During the early hours of Tuesday, the ZEW Indicator for the EU and German Economic Sentiment figures were reported. This is a “soft data” series of questionnaires sent out to business leaders around the European Union and Germany, showing signs of potential economic conditions going forward.

The German Economic Sentiment figures

The Germans released a ZEW Economic Sentiment figure of 10.7, which is much better than the anticipated 1.1 for the month. As this is almost nearly tenfold what was expected, the market will certainly be caught by surprise. Market participants will look at this as a good sign going forward as a potential beginning of a turnaround when it comes to economic conditions in Germany. Furthermore, the European Union released its ZEW Economic Sentiment figure as well, coming in at 11.2 for the month as opposed to the 2.2 figure anticipated.

 Both of these show confidence in the economy going forward and it could lead to something a little bit more sustainable as the sentiment of major business leaders in the core of Europe seems to be picking up.

The question now is why the figures were so much better than anticipated? A lot of what has been seen may be in reaction to the ECB being very likely to loosen monetary policy. They have already started in fact, and perhaps more of the “cheap money” out there will attract business investment.

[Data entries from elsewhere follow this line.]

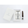 Seiko Prospex Alpinist Mechanical GMT 110th Anniversary Limited Edition SBEJ017 - men's watch made by Seiko. It has Japanese automatic movement and 6R54 calibre. Stainless steel, diamond shield case of round shape. Case dimensions are 39.5 mm. in diameter and 13.6 mm. in thickness. The dial of this Seiko watch is white. Display type: analog. This timepiece has sapphire, antireflection coating glass. Stainless steel, calf leather band, band color: silver, brown. 200 m. water resistance. The watch is from Seiko Prospex collection. The following features are equipped: antimagnetic, screw-down crown, glowing hands, glowing markers, date, dual time, limited edition.
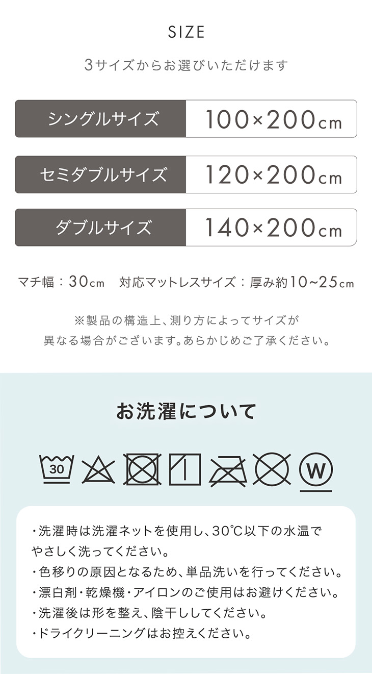 マチ幅:30cm ※厚み約10〜25cmまでのマットレスに対応
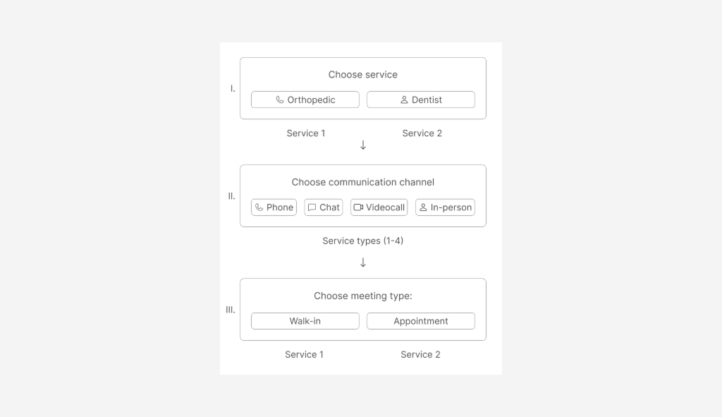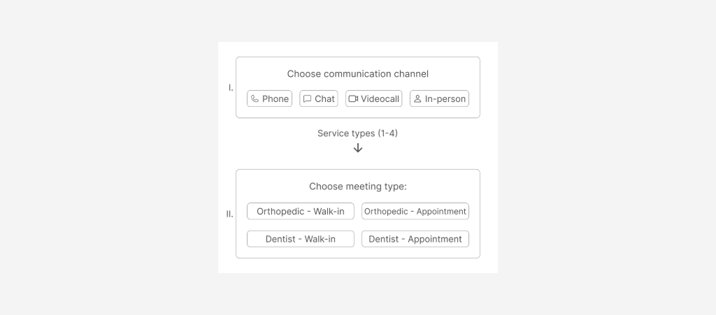 Clearly, such a structure not only fails to meet the initial concept, where the communication channel is selected following the service, but it also constitutes poor UX: users are forced to understand that for each service, there are two buttons depending on the type of meeting (Walk-In/Appointment). This setup already looks inconvenient when there are only two services, but if there are 3 or 4 services, users would have to choose from 6 or 8 buttons, all displayed at once.
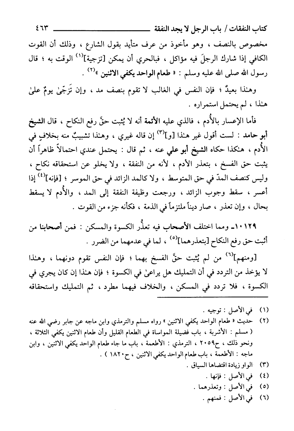 مخصوص بالنصف، وهو مأخوذ من عرف متأيد بقول الشارع، وذلك أن القوت الكافي إذا شارك الرجلَ فيه مؤاكل، فبالحري أن يمكن [تزجية] (1) الوقت به؛ قال رسول الله صلى الله عليه وسلم: " طعام الواحد يكفي الاثنين " (2).
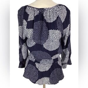 Daniel Rainn Blue White Floral 3/4 Sleeve Boho Blouse Size M
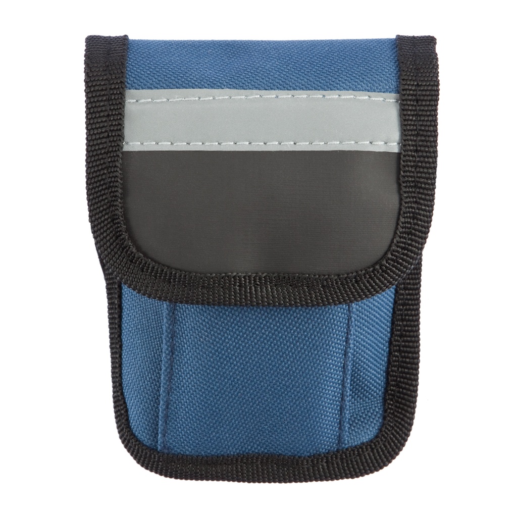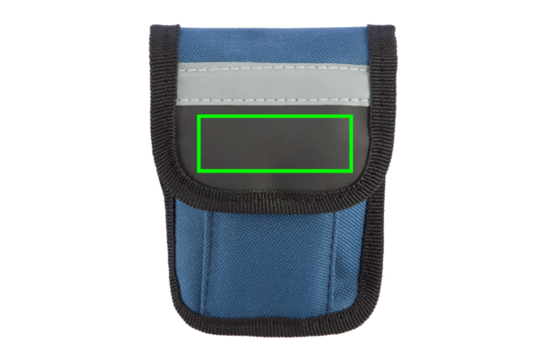 Blue pouch with reflective line on top, including 15 functions multitool with slotted screwdriver, cross-head screwdriver, nut driver, hex keys: 2mm, 2,5mm, 3mm, 4mm, 5mm, 6mm, wrenches: 8mm, 10mm, 15mm, spoke wrench: 14GE, sockets: 8mm, 9mm, 10mm, set with black plastic rack, 2 nickel plated tyre levers, tube glue, grinder and 3 rubber patches.
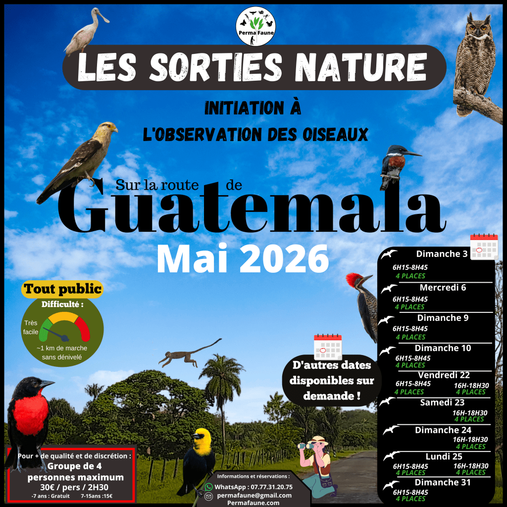 Bien que nous recherchons principalement les oiseaux (rapaces, passereaux, limicoles, martins-pêcheurs, …) on observe régulièrement des singes, des paresseux, parfois des serpents, couendou et d’autres animaux étonnants ! À chaque sortie son lot de rencontres et de surprises !
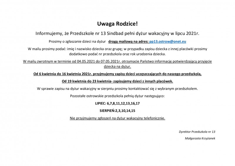Informacja odnoĹnie dyĹźuru wakacyjnego
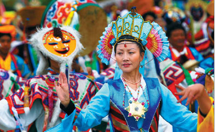 Tibetans celebrate the 60th anniversary of the region's peaceful liberation with a grand parade in front of Potala Palace on Tuesday.
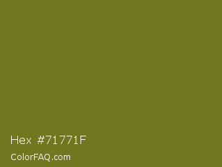 Hex #71771f Color is a dark yellow color and the nearest color is Crete #737829. Hex code #71771f and RGB value is rgb(113,119,31). In RGB color space, this color is composed of 44% red, 47% green, 12% blue, In CMYK color space, this color is composed of 5% cyan, 0% magenta, 74% yellow , 53% black , In HSL color space, this color has a hue angle of 64° , 59% saturation and 29% lightness.
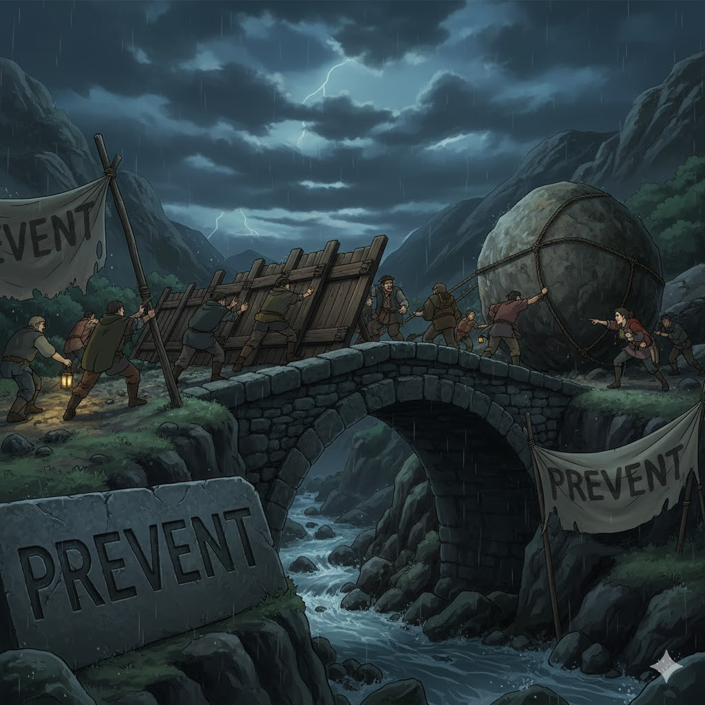 '불가피한' '결과'가 아닌, '부주의'(carelessness) 또는 '안전'(safety) 규약'(protocol) 부족'으로 인해 '발생'할 수 있는 '사고'(accident)를 '미리', '막는' 행위를 의미합니다. 이는 '안전 확보'를 위한 '예방적인' '조치'(measure)에 초점이 맞춰져 있습니다.
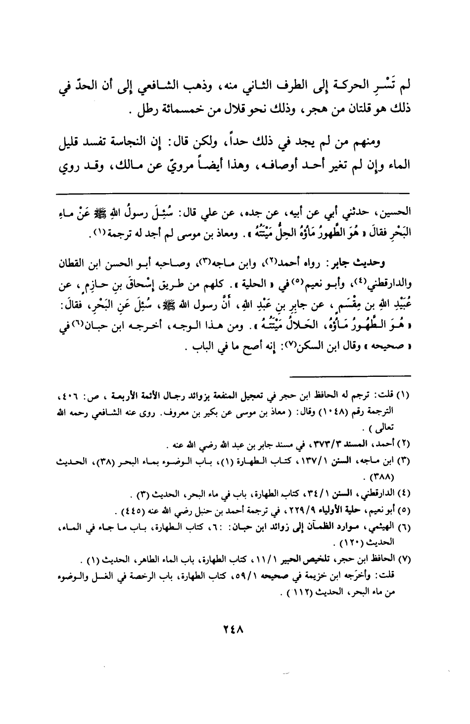 الحسين، حدثني أبي عن أبيه، عن جده، عن علي قال: سُئِلَ رسولُ اللهِ - صلى الله عليه وسلم - عَنْ ماءِ البَحْرِ فقالَ "هُوَ الطهورُ مَاؤُهُ الحِلُّ مَيتَتُهُ". ومعاذ بن موسى لم أجد له ترجمة.
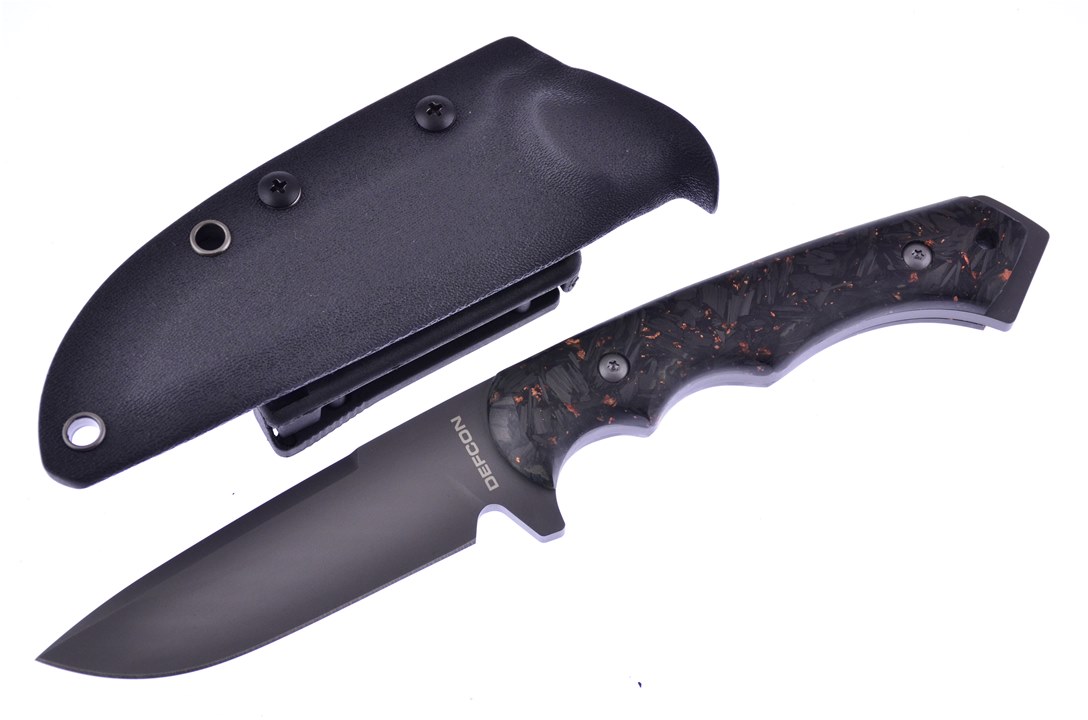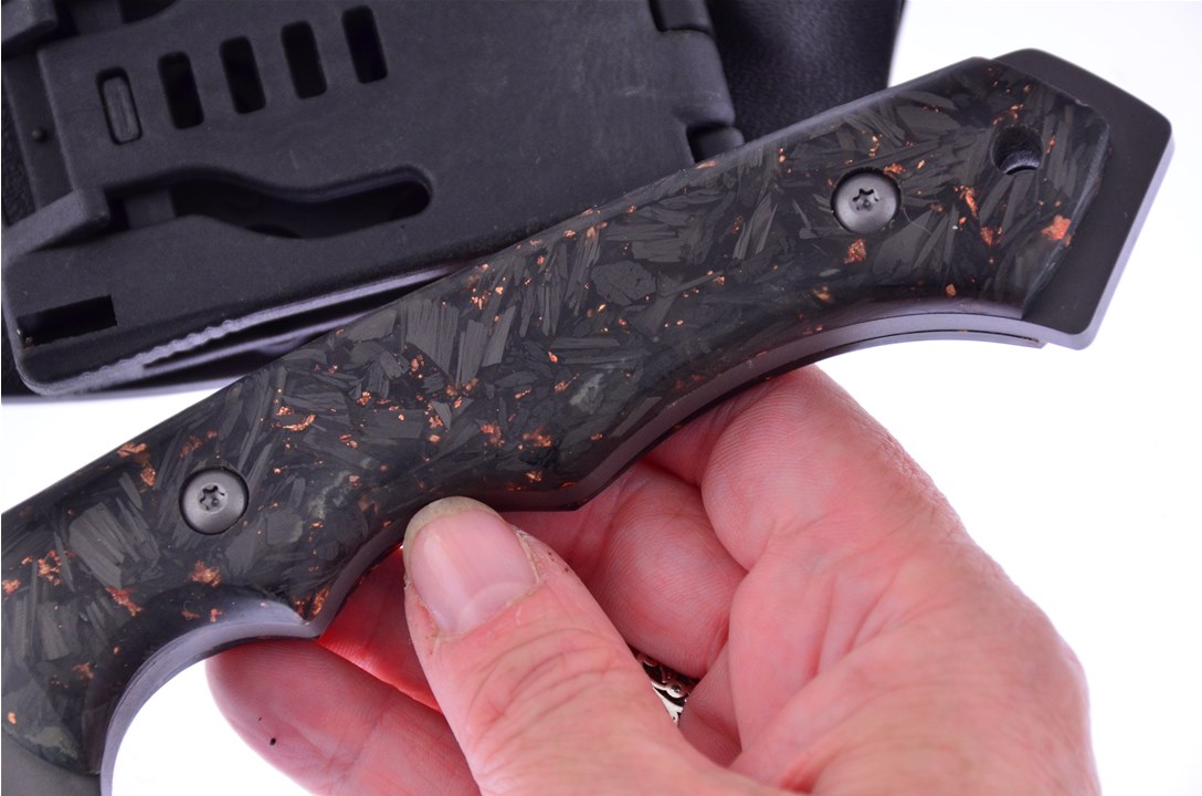 Handle Material: Forged Carbon Resin Handle w/ Copper Flakes. Coating: Gunmetal nitrite coating
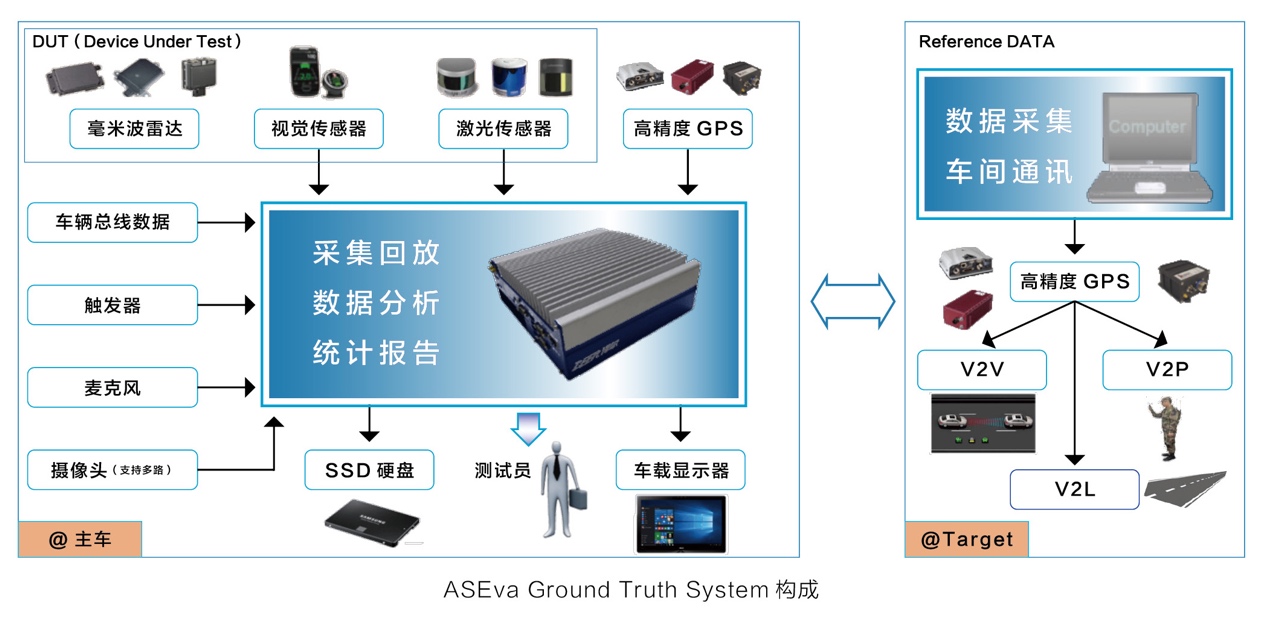 ASEva Ground Truth System 通过高精度定位设备及局域网通信技术,实现被测目标和本车运动参数获取,如位置、速度、加速度等参数,提供真值参考系统。 可应用于封闭场地内传感器或车辆感知功能测试,以及封闭场地内车辆 ADAS 功能测试 (V2V、V2P、V2L)。 ASEva Ground Truth System 也可通过高精度的真值传感器,如激光雷达,实现被测目标和本车运动参数获取,如位置、速度、加速度等参数,提供真值参考系统。可应用于开放道路传感器或车辆感知功能测试,以及开放道路车辆 ADAS 功能测试。 ASEva Ground Truth System 可提供丰富的传感器对标或感知功能测试报告
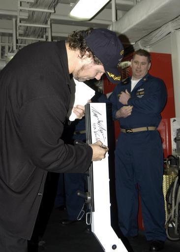 | Keywords: US Navy 061014-N-0730W-078 Magnus ver Magnusson, Four Time World's Strongest Man, autographs a workout bench in the gym aboard the multipurpose amphibious assault ship USS Wasp (LHD 1).jpg en Reykjavik Iceland Oct 14 2006 - Magnus ver Magnusson Four Time World's Strongest Man autographs a workout bench in the gym aboard the multipurpose amphibious assault ship USS Wasp LHD 1 Wasp is the first U S Navy ship to visit Iceland after the closing of the Naval Air Station in Keflavik U S Navy photo by Mass Communication Specialist 3rd Class Sarah West RELEASED 2006-10-14 061014-N-0730W-078 Navy http //www navy mil/view_image asp id 40036 U S Navy photo by Mass Communication Specialist 3rd Class Sarah West PD-USGov-Military-Navy Images from US Navy location Reykjavik Iceland Magnús Ver Magnússon |
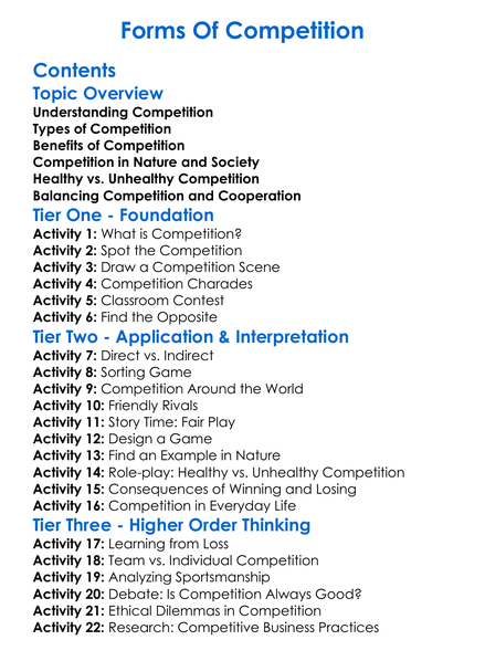 Forms Of Competition Worksheet Activity Booklet
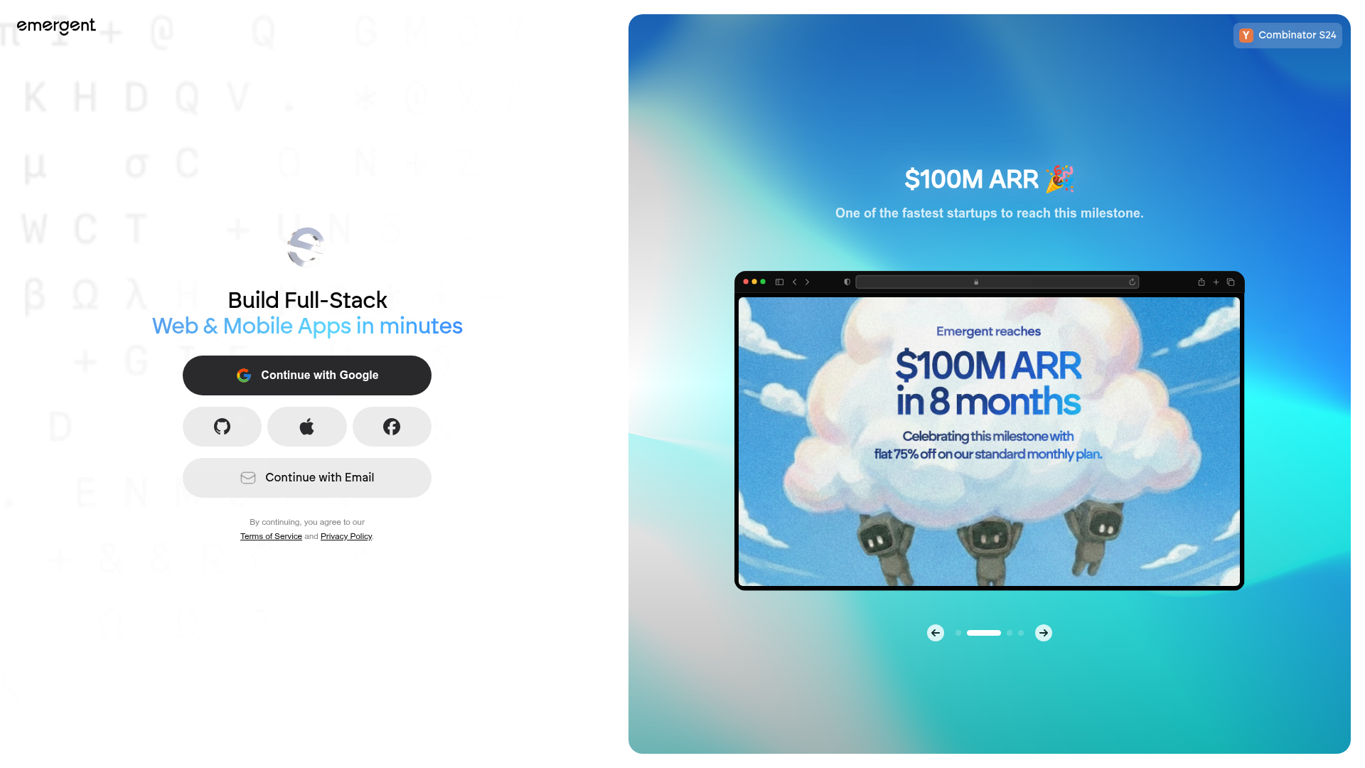 Emergent is a Y Combinator-backed (S24) platform that has grown explosively — reaching $100M ARR faster than almost any startup in history. It bills itself as more than a coding assistant: it is a fully integrated platform where AI agents autonomously design, code, test, and deploy your application from start to finish.
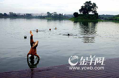 一位剛從水里鉆出來(lái)的學(xué)生證實(shí)了上述推斷:“不少市民傍晚會(huì)專門(mén)開(kāi)車來(lái)這里游泳,周末岸邊都停滿了外面來(lái)的小車。”他說(shuō),學(xué)校的游泳池開(kāi)放時(shí)間有限制,而且要收費(fèi),自認(rèn)為“水性好”的同學(xué)都樂(lè)意到中心湖游泳,“只要不下雨,這里的‘人氣’都很旺”。
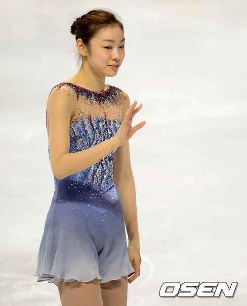 피겨여왕 김연아가 14일 오후(이하 한국시간) 캐나다 온타리오주 런던 버드와이저 가든스에서 열린 2013 국제빙상경기연맹(ISU) 피겨스케이팅 세계선수권대회 여자 싱글 쇼트프로그램(SP) 경기에 앞서 드레스 리허설을 마치고 팬들에게 인사를 하고 있다.
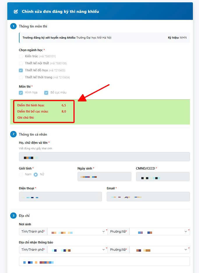 Kết quả thi năng khiếu vẽ của thí sinh sẽ được hiển thị như hình dưới đây:

In that scenario, we could start to see a major turnaround in the European Union. It’s still early days, but this indicator is certainly pointing towards a better direction.

Going forward

Going forward, the Euro will likely slip a bit over the longer-term as the ECB is likely to continue to loosen monetary policy. Simultaneously, the European stock markets will likely strengthen as exports become cheaper. This may be exactly what business leaders were thinking when they gave such a high rating to the future economy, as export markets have been decimated in places like Germany. That is due mainly to global slowdown concerns and of course the US/China trade war which is only exacerbating that problem.

the Euro will likely slip a bit over the longer-term as the ECB is likely to continue to loosen monetary policy

With this, there is value to be found in the European Union for longer-term investors, and it does look as if business planners intend on putting more money into their businesses for them to expand. This should lead economies in a stronger direction in the EU. Investors now may find the market is in a balancing act when it comes to a cheap Euro but at the same time an expanding European Union.

What is being seen in the European Union is probably short-term good for the currency but longer-term softness. This means that most of the appreciation will probably be with stock markets such as the DAX, CAC, MIB, and the like. With the Federal Reserve on the sidelines, it’s very unlikely that the US dollar will lose a lot of strength to the Euro, perpetuating this cycle.